** ABOUT THIS TASK **
Leave the pictures in the listing below aside and reproduce exactly the lines starting with the one with "Natural Swiss Blue" and going on through the one with "24 May,2019 Comunicados", both ends included.

** GIVEN RECORDS **
= = =

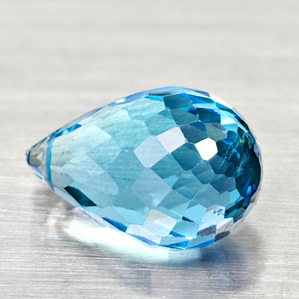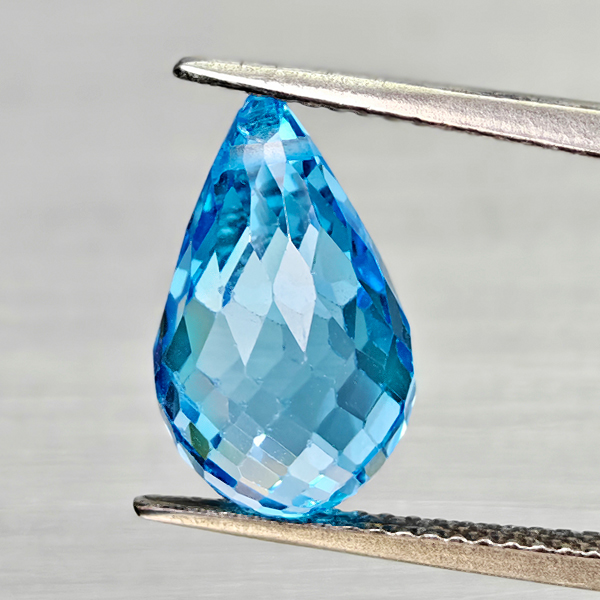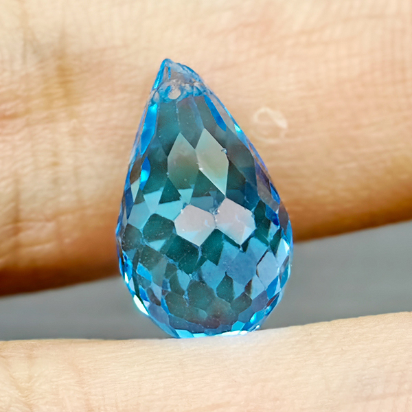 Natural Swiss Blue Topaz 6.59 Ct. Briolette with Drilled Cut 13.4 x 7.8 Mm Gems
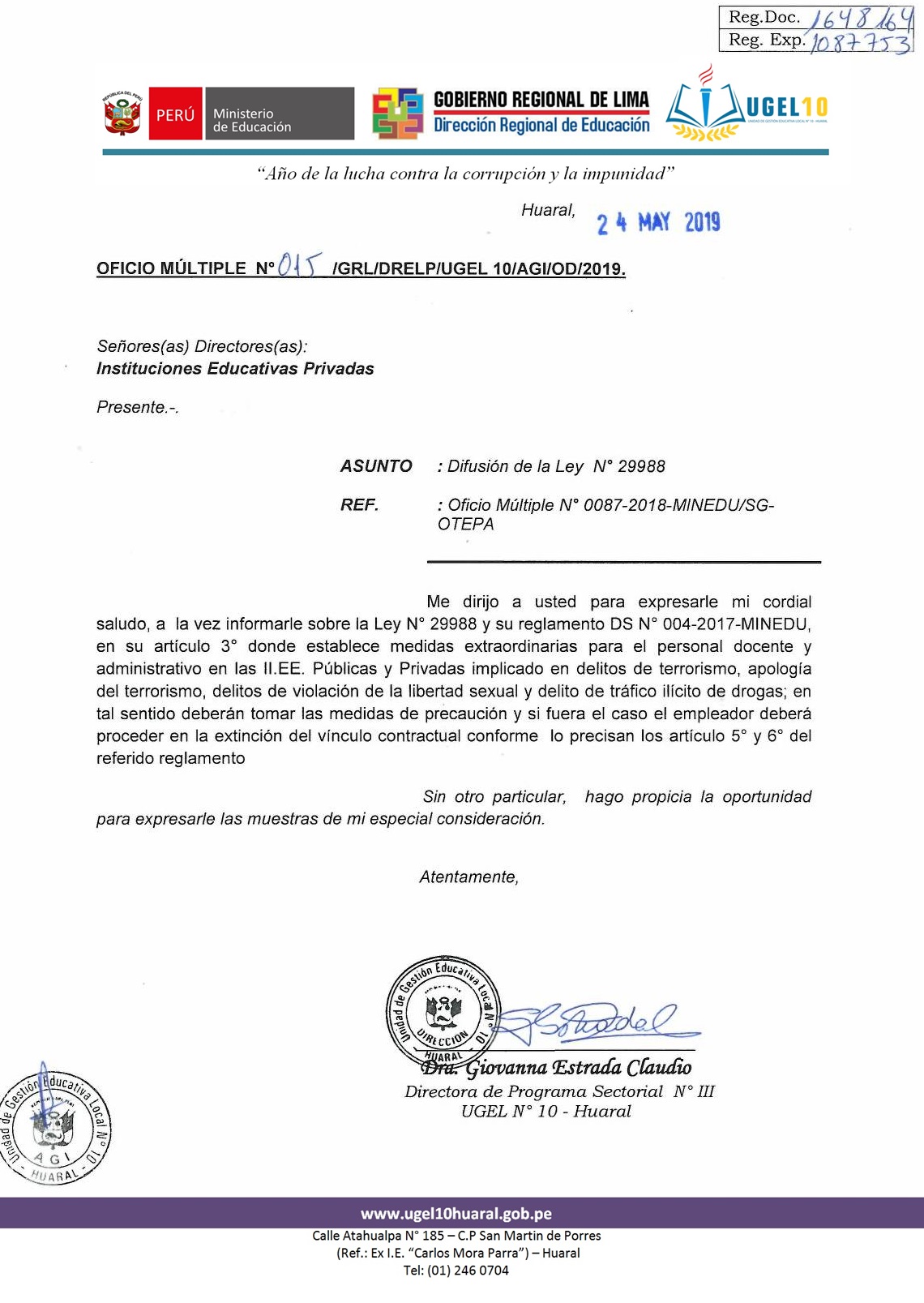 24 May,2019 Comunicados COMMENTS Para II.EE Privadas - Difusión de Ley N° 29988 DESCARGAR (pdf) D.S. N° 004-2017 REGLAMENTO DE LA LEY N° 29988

= = =

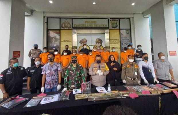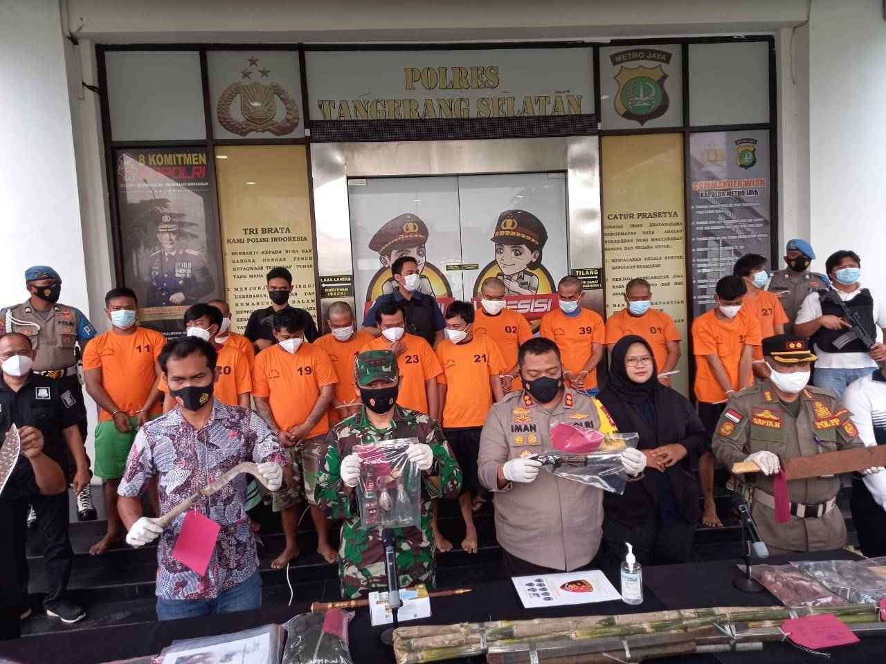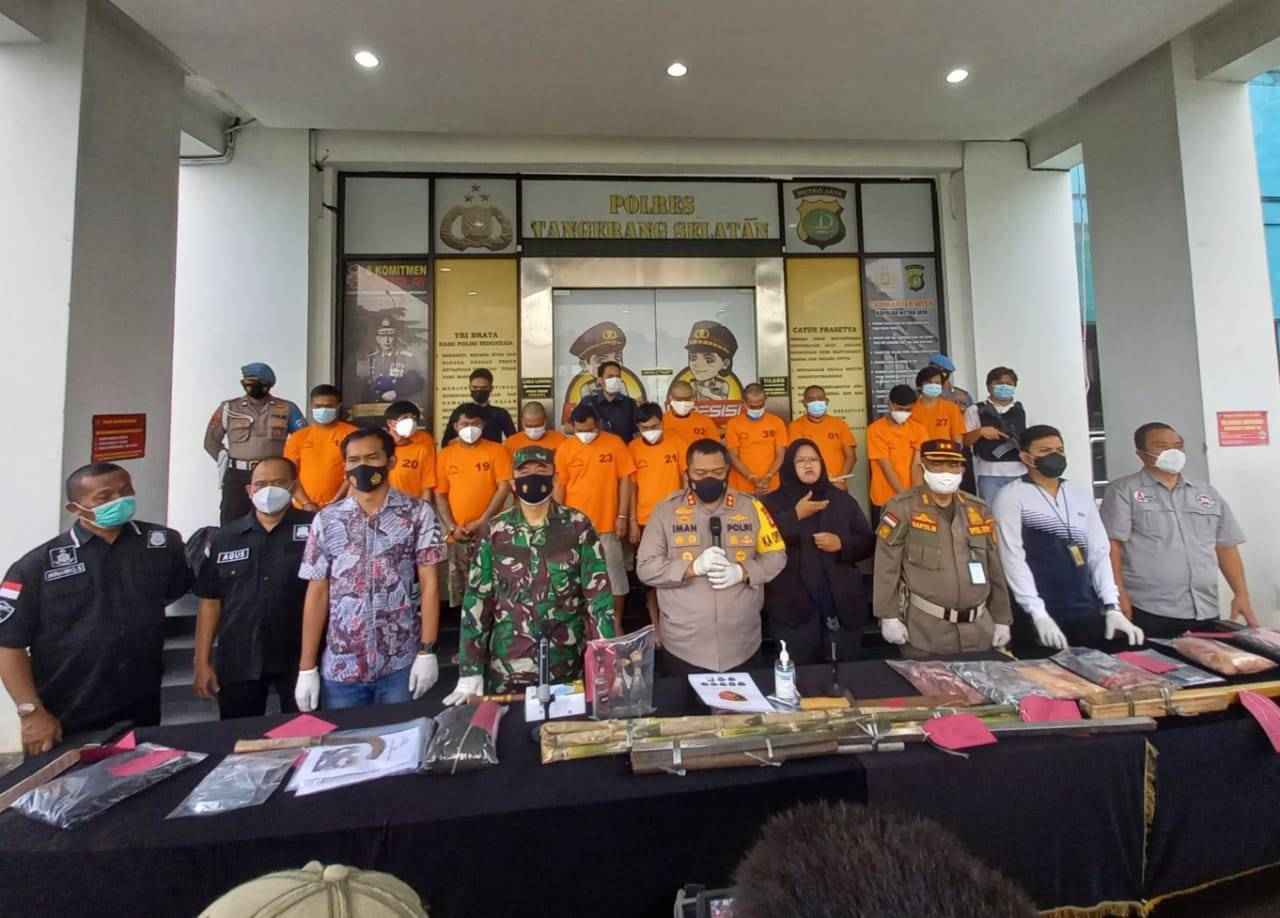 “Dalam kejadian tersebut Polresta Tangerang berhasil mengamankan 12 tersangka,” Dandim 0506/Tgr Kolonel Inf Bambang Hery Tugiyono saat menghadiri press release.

= = =

** WRITTEN RESPONSE **
 Natural Swiss Blue Topaz 6.59 Ct. Briolette with Drilled Cut 13.4 x 7.8 Mm Gems
 24 May,2019 Comunicados COMMENTS Para II.EE Privadas - Difusión de Ley N° 29988 DESCARGAR (pdf) D.S. N° 004-2017 REGLAMENTO DE LA LEY N° 29988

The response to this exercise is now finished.